Commonwealth by Ann Patchett is a novel that is very difficult to describe to someone without giving them the whole story. Its characters are very interwoven and difficult to pin down – much in the sense that they are actual people with actual problems and inconsistencies. And the plot is not so much of a plot as it is a collection of happenings.
I feel like this novel is as close to real life that one can get. It doesn’t hide anything and doesn’t seek to comment much on what does happen. It happens and there isn’t much you can do about it. I felt as if I was listening to the biography of someone rather than reading a novel. It was odd.
That being said, I liked it because of its realness. It stuck to its guns – it was going to give a realistic view of the world and you were going to sit there and take it.
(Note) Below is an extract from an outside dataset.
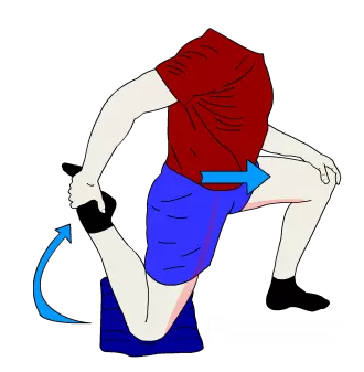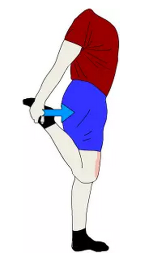 动作:抓住右脚踝,拉向臀部,试着用脚后跟碰到臀部。然后按压臀部,直到右腿和左腿感到拉紧,坚持30秒,然后换另一条腿。

For someone who reads fantasy and science fiction, this felt like a quick slap to the face.
There are some nasty things that happen here – primarily to the youngest son who was just annoying and was fed Benadryl like it was going out of style – the kids called them “Tic Tacs”. Wow. But again, these moments are presented with little to no commentary. I’m not sure what the author thinks of these things other than, “Well, it happened.”
No one really learns anything. No one feels a particular way about anything. They just exist and deal with it. Even the most overwhelming aspect – that the two families were split apart and then put back together again was met with mostly nothing. No one seemed to care.
It was kind of eerie. But also annoying. I found myself getting frustrated with these characters. SAY SOMETHING. YOUR WIFE JUST LEFT YOU. But that scene was left out. Because it doesn’t matter, apparently. Similarly, the finding of their eldest brother’s body was recounted in deadpan, almost in a confused fashion. But also, no one of any importance was bothered besides the maid.
I don’t know. I have to think about this one more.